The ability to write a short story is notably different from that of a novelist. In sporting terms, one is a sprint, the other, a marathon. They are as different as lyrics and poetry, and very rarely will you find the best of one is the best of the other (e.g. Leonard Cohen). A poet may be tempted to write music, because there's a lot more money in music, but that in itself should not be sufficient cause to ignore your natural talent and inclination. Some of the finest short story writers have never written a novel, or at least, if they have, not to the same acclaim. This group includes Alice Munro (Nobel winner), Raymond Carver, Chekhov, Saki, and O. Henry. To quote Munro:
"So why do I like to write short stories? Well, I certainly didn't intend to. I was going to write a novel. And still! I still come up with ideas for novels. And I even start novels. But something happens to them. They break up. [...] So I wrote in bits and pieces with a limited time expectation. Perhaps I got used to thinking of my material in terms of things that worked that way." (Emphasis mine.) -- Alice Munro (The Atlantic)

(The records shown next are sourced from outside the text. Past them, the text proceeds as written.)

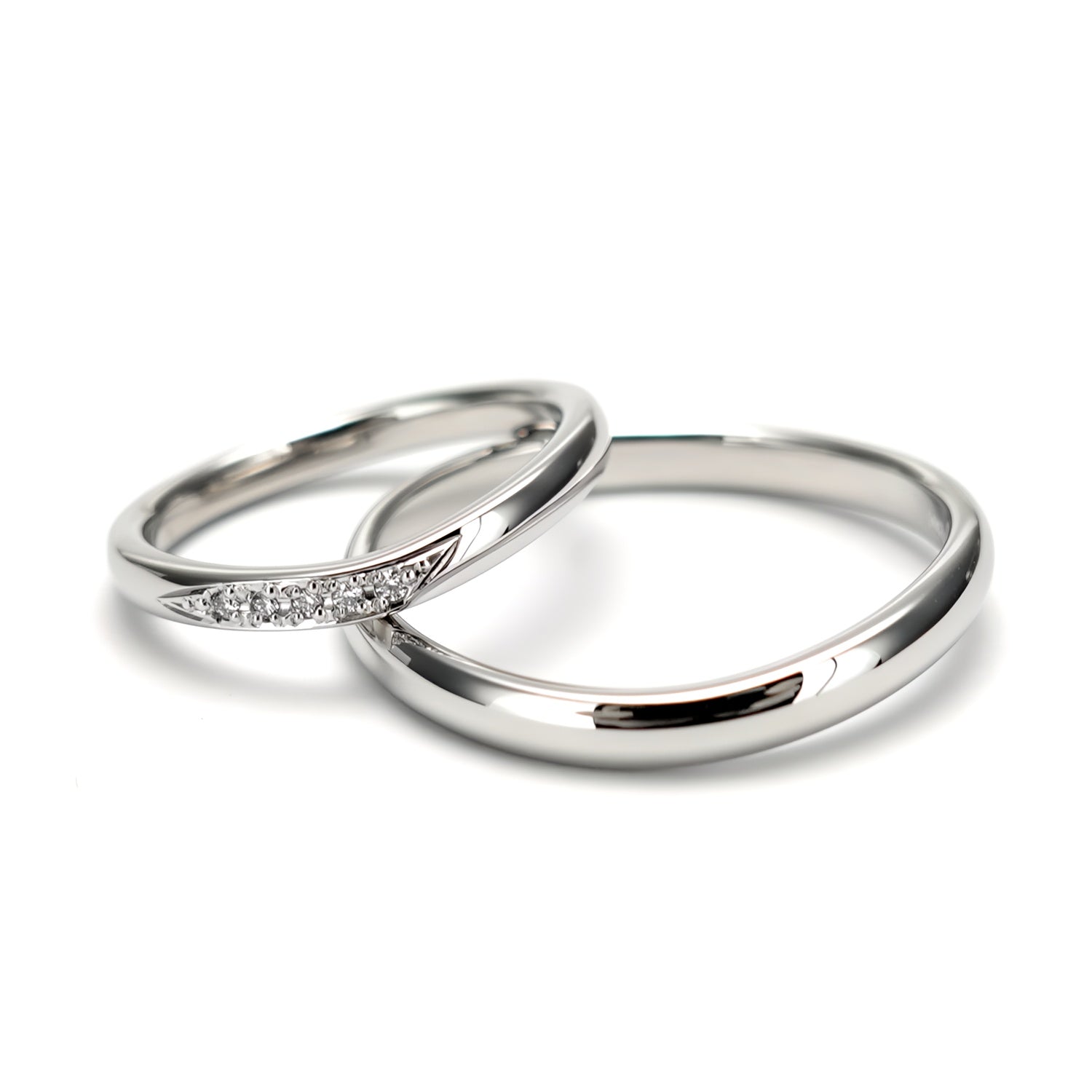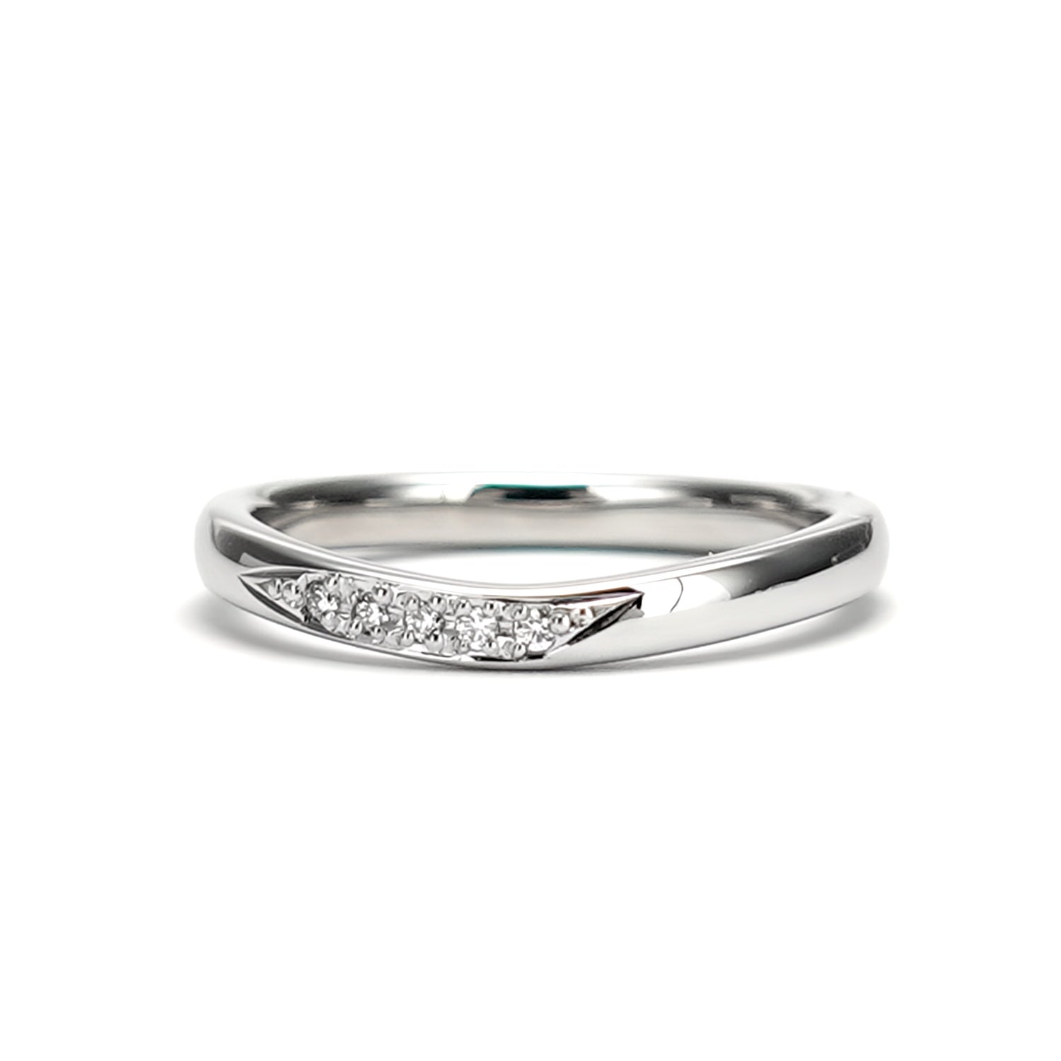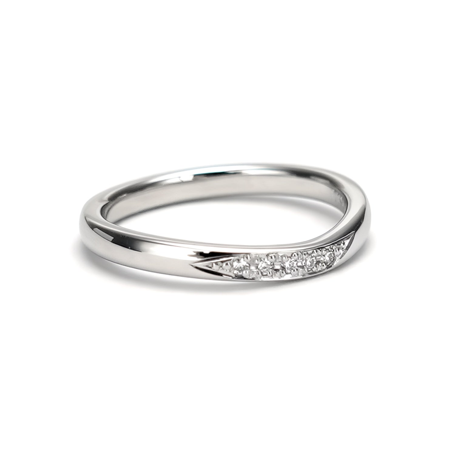 女性用はリング中央から左へ高品質H&C(ハートアンドキューピッド)メレダイヤモンドが5個入っております。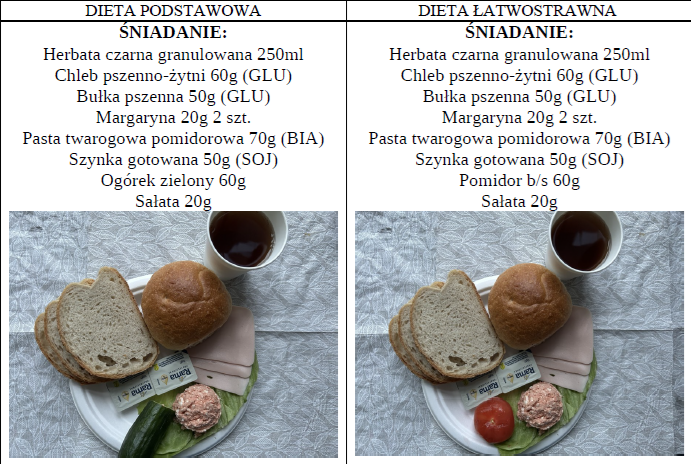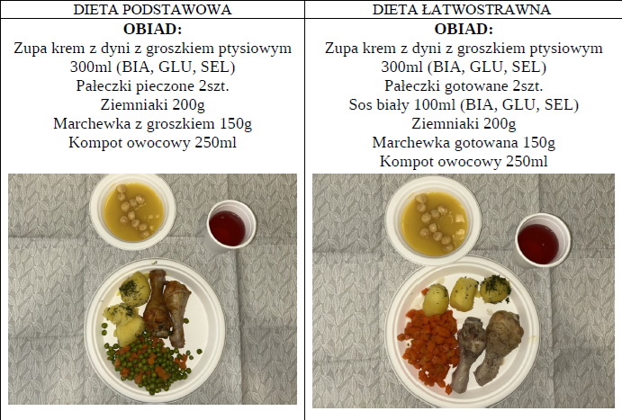 Zdjęcia i opis pozycji z jadłospisu dwóch posiłków z dwóch diet najczęściej występujących dnia 26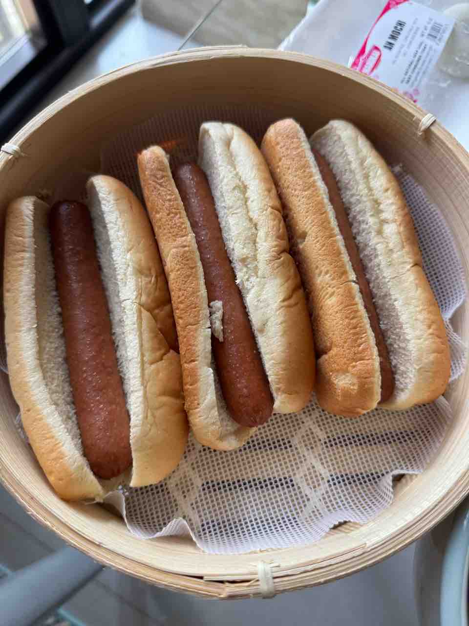ホットドッグ、蒸したらパンがふわふわになって美味しかった〜!!!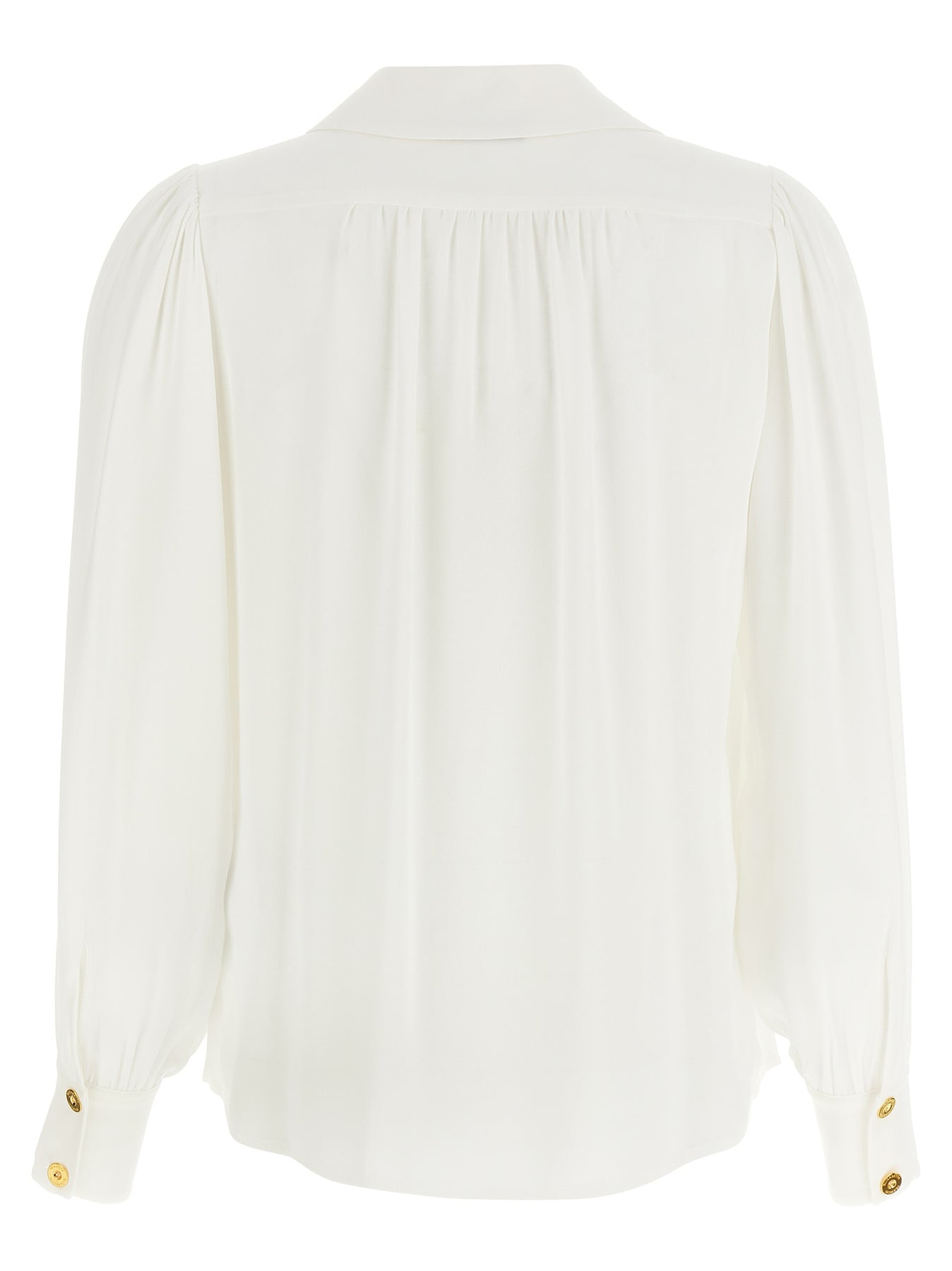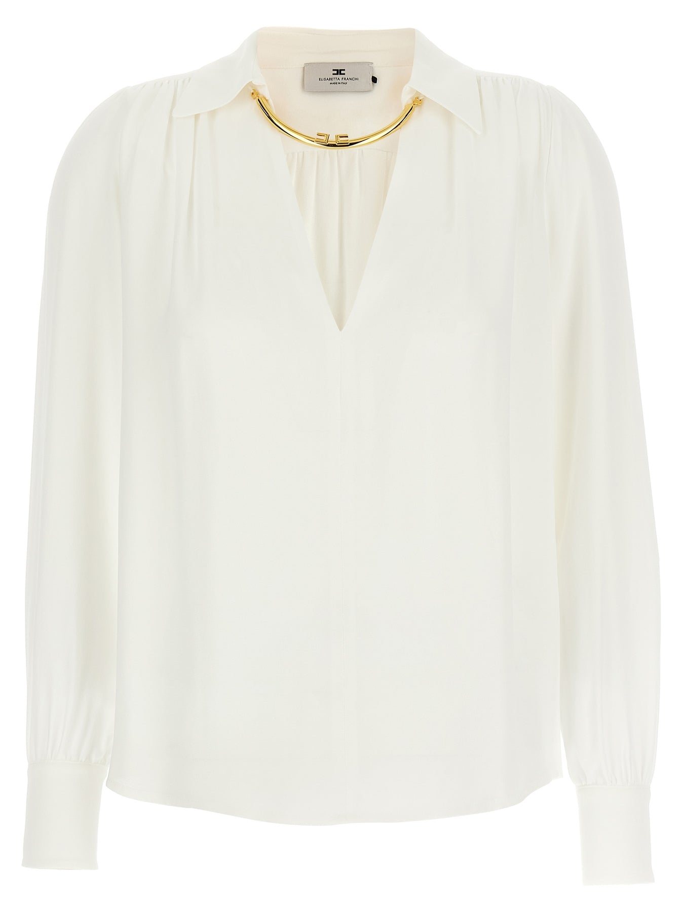 Viscose georgette shirt with V-neck, collar with removable metal necklace detail, ruffled shoulders, long cuffed sleeves.

Writing is always a question of experience. If Munro had spent years focused on writing novels, perhaps she would have become a novelist. The demands on her time by her family didn't allow for the requisite concentration. Ultimately, if it's your desire to write novels, and you have the time, skill, and dedication, you should follow your instinct. Not because novels are more commercially viable, or because they are seen as great works of art, but because you want to, because great writing can only happen at the convergence of desire, action, and inspiration.